Because she bought me books,
for Christmas, letting me choose
so I could learn my own lessons.
Because she let me be,
let me spend hours gazing
at the trees stitching earth and sky,
the mysteries unfolding from galaxies
of buds while she came home
from long days at work only to begin
again. Because she always kept the windows
open and never shut doors,
or tried to make me stay,
my mother is still there: her gentle voice,
her strong hands still guiding us all,
and also the trees, the maples’
jeweled arms in fall,
the elms inscribing their blue
calligraphy over snow,
the wonders spilling out
as she bent over her drawings
and her old singer sewing machine.
Balance
The slow, woozy drone of giant bumble bees
criss-crosses my open door.
They are ferrying nectar.
They are building nests and mating.
It is spring; rustle of wings,
ricochet of bird-calls,
they do not know the text
conquer and subdue,
only the web and litany
of the Creation; stamen, pistil,
hive, haven, putting by
for lean times. They whir intently
on their miniature engines,
circling above me. They mean
no harm. They do not poison the air.
Dominion
The truck geared up and hauled off her calf
as if we had dominion.
Who is to say that only humans
can love? All night I heard the cow
bawling for her calf. All night
the cows huddled together, knowing
theirs would be next. Who was it that wrote,
the Great Chain of Being, a pyramid topped
by humans? Have you ever seen cows
burning and pillaging? They are devout: they read
the book of earth daily, tamping down ridges
in the highest mountains to make a path,
gathering beneath a lone tree
under high noon as they shudder off flies,
bearing the brunt of endurance under heavy rains.
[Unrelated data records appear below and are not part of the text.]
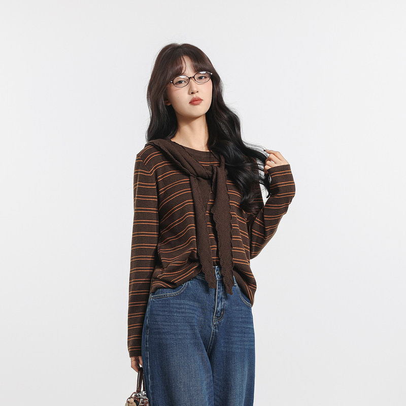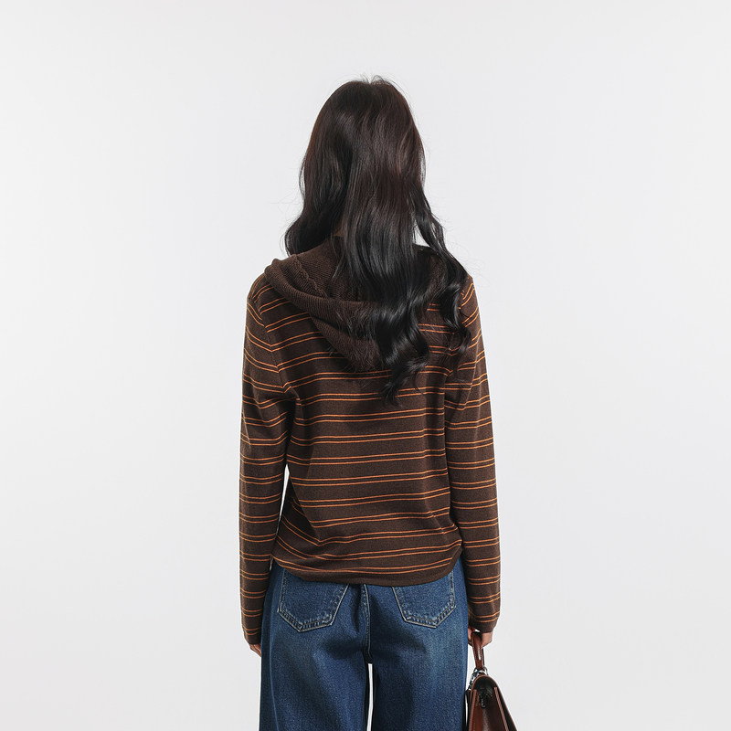 记忆的起点条纹毛衣2025冬季新款时尚披肩连帽针织上衣69GD52218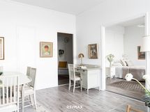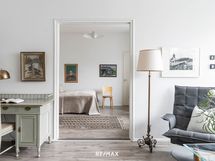 - Lisätietoja säilytystiloista: Asunnossa alkuperäiset seinään upotetetut komerot eteisessä. Tilaa säilytyskalusteille.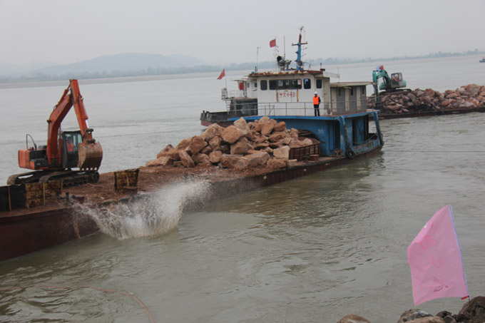 (九江長江江心洲固岸應急度汛工程,包括九江縣江新洲1標和彭澤縣棉船洲1標,主要建設內容為拋石、砼四邊六面框架、干砌石護坡,工程施工期2個月,項目總投資4000萬元。江新洲和棉船洲大堤共保護面積130.39 平方公里,保護耕地12.18萬畝,保護人口8.39萬人,圩區(qū)內土地肥沃,灌溉便利,是江西省的重要棉油生產(chǎn)基地。)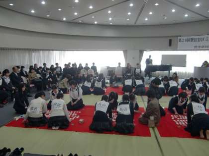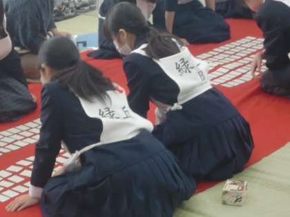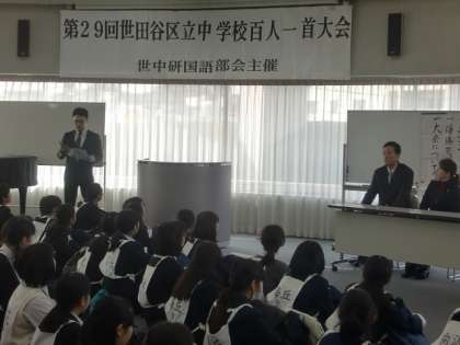 3月4日(土)、世田谷区教育センターで「第29回世田谷区立中学校百人一首大会」が開催されました。この大会は、世田谷区立中学校の各校代表の一組が参加して行われる競技会です。本校からは、2年女子と3年女子のペアが参加しました。予選リーグを勝ち抜き、決勝トーナメントに進み、5位(ベスト8)となりました。会場は、静粛な緊張感にあふれた雰囲気に包まれ、選手たちの真剣な対戦が繰り広げられました。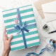 Turkosrandar som slår in papper. Högkvalitativ utskrivavet matte, glansigt, linne eller papper för Tyvek pappert gåvasjal. Modernt randigt mönster som göras och skrivs ut i USA. Ideal för födelsedag, årsdag och bröllopgåvor eller julklappar.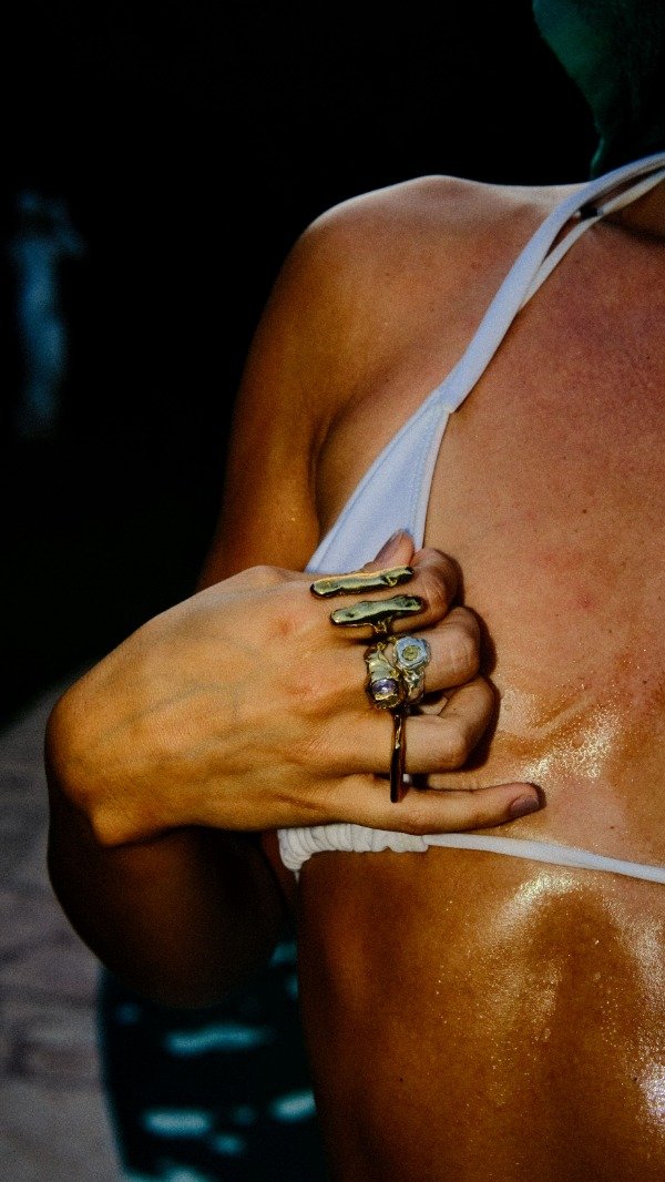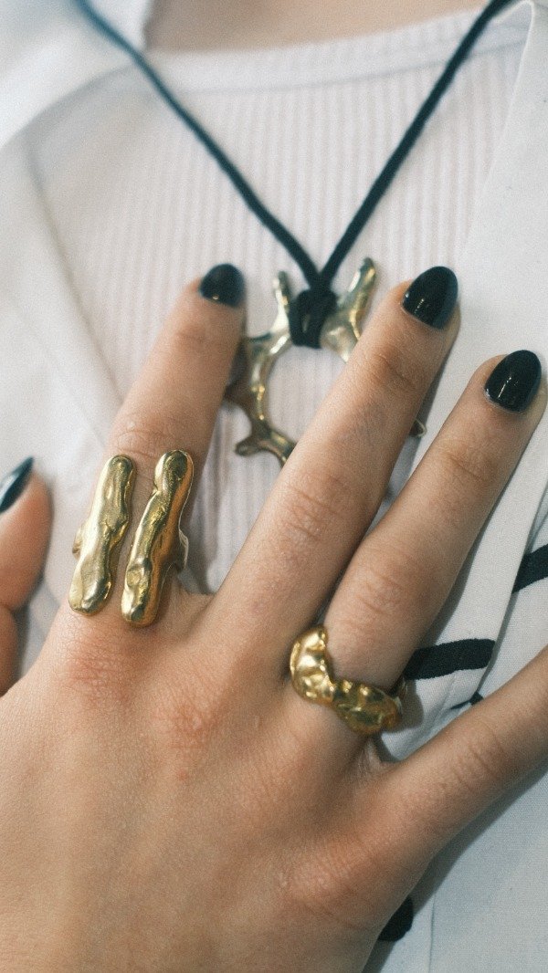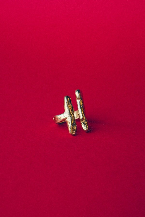 Anillo realizado a mano mediante la técnica de cera perdida y fundido en diferentes tipos de metales.

They do not have to learn patience.
They are not lesser in God’s eyes.
My Grandmother’s Blanket
Rather than her diamond ring, her silver
filigree bracelet set with corals,
I cherish the blanket my grandmother
brought with her from Trieste.
When I make the bed, I love turning up the corner
of that soft camelhair where her initials
are sewn in, A.D for Anna Dejak, or Anno Domino,
my mother would quip. I still sleep
between her embroidered linen sheets,
part of that same trousseau.
Her maids stirred them clean with paddles
in tubs of boiling water
while Nana visited with her friend Maria
remembering their schooldays
at Sion in that sitting room
with parquet floors.
The blanket’s satin bindings
are long gone, the edges frayed.
I could sew on new ones, make it more
presentable, but it reminds me of how we live
and survive, ricocheting between chaos
and order, tears and ecstasy.
Nana not even thirty, a war widow
with a young child, moving into her father’s
house on Via Palladio, wearing black
for a year. Dark-eyed, with a manner
that could charm or cut
she turned her back to suitors,
loved only once.
Nana, alone in her apartment barely
two decades later, the German soldier
banging at her door and she
all height and dignity,
replying in flawless German,
“You have the wrong address.”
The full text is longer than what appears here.